## RECORDS FOR THIS EXERCISE
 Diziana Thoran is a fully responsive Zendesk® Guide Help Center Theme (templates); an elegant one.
* * *
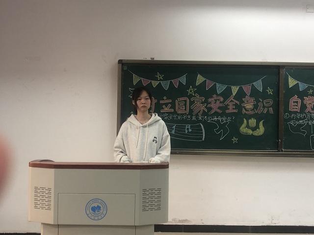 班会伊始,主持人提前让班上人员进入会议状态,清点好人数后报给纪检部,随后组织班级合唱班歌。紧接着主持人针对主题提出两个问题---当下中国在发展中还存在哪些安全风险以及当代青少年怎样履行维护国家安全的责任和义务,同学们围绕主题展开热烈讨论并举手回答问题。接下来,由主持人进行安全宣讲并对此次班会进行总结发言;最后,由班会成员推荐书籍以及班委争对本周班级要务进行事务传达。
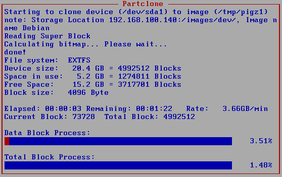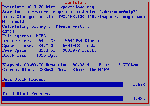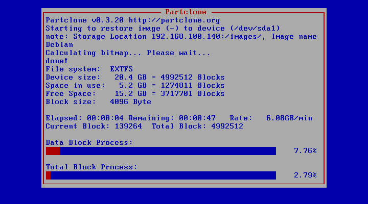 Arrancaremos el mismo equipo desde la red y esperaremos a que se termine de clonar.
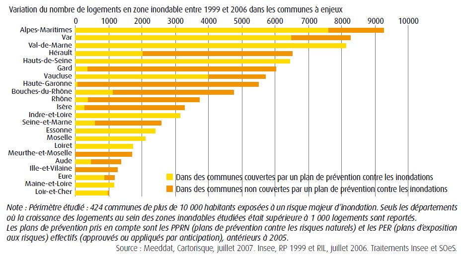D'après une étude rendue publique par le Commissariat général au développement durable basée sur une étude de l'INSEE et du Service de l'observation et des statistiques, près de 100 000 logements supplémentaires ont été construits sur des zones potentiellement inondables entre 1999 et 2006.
* * *
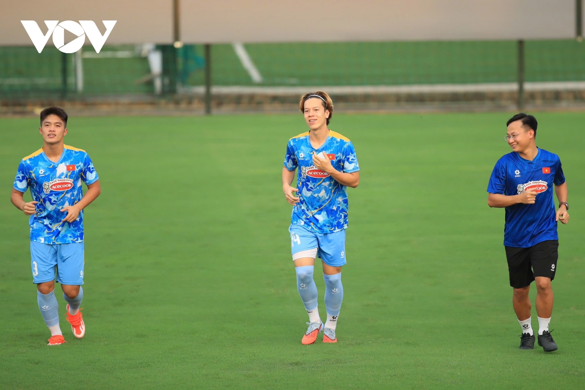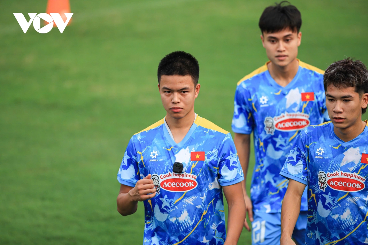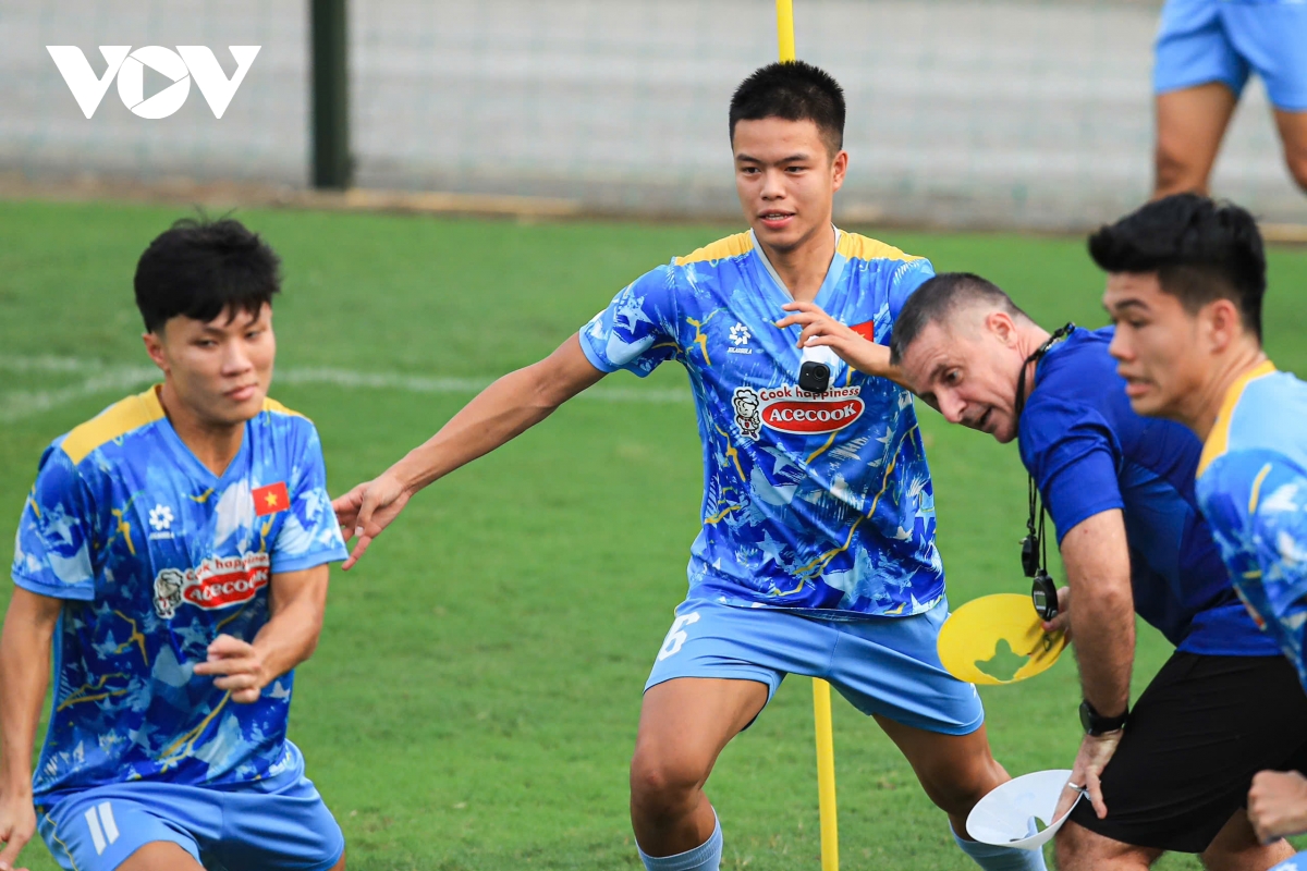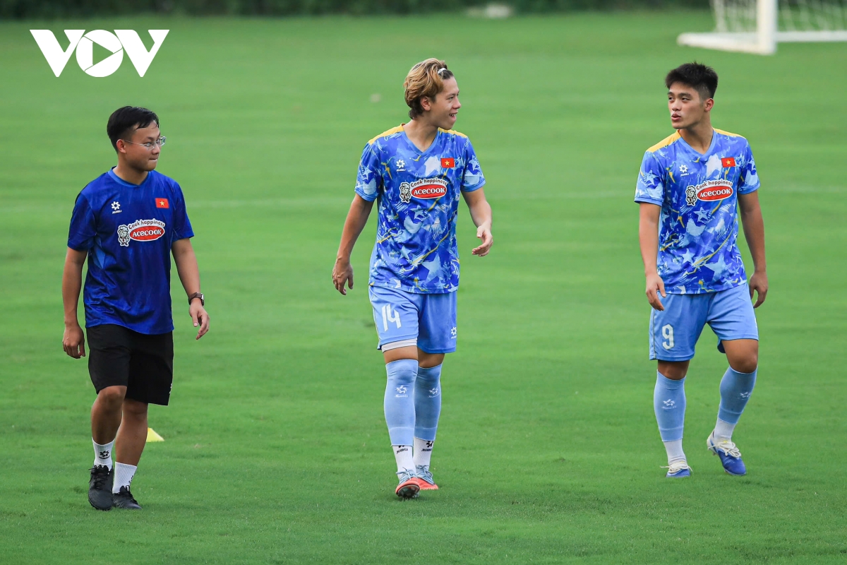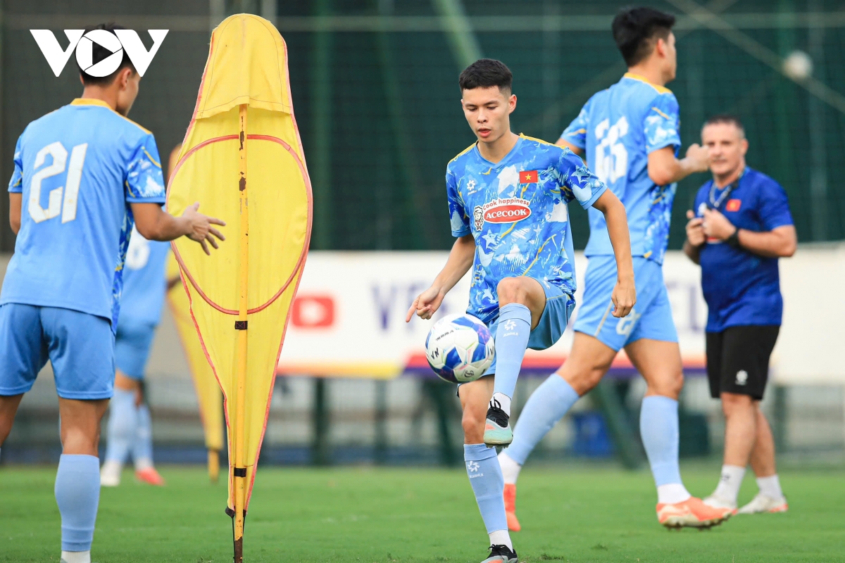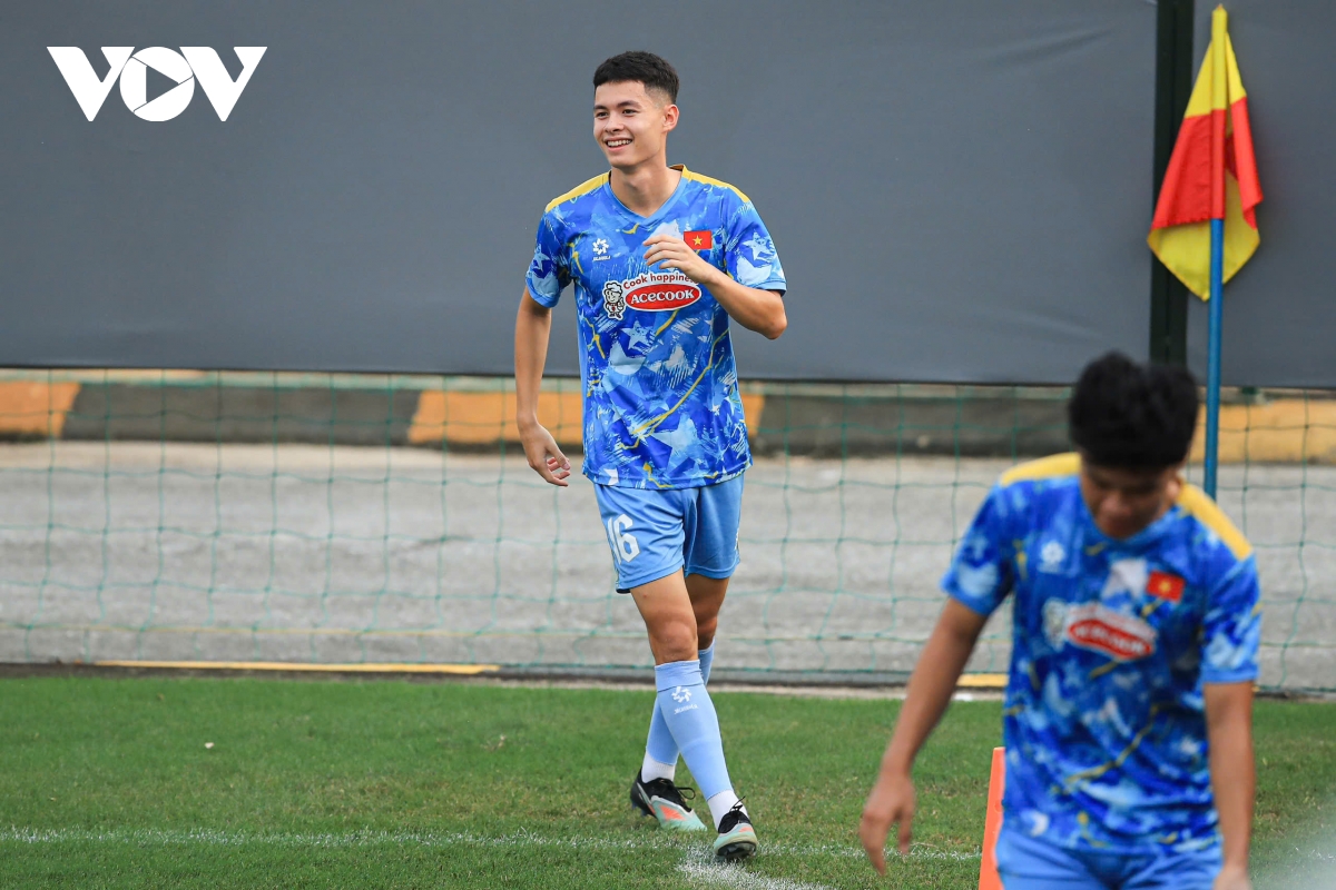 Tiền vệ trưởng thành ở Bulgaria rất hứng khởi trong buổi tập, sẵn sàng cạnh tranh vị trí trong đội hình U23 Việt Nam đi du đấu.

## TASK INSTRUCTIONS
The copy should hold only the lines from the one with "班会伊始,主持人提前让班上人" through the one with "Arrancaremos el mismo", exactly as they stand above. Leave out the pictures.

## ANSWER SECTION
 班会伊始,主持人提前让班上人员进入会议状态,清点好人数后报给纪检部,随后组织班级合唱班歌。紧接着主持人针对主题提出两个问题---当下中国在发展中还存在哪些安全风险以及当代青少年怎样履行维护国家安全的责任和义务,同学们围绕主题展开热烈讨论并举手回答问题。接下来,由主持人进行安全宣讲并对此次班会进行总结发言;最后,由班会成员推荐书籍以及班委争对本周班级要务进行事务传达。
 Arrancaremos el mismo equipo desde la red y esperaremos a que se termine de clonar.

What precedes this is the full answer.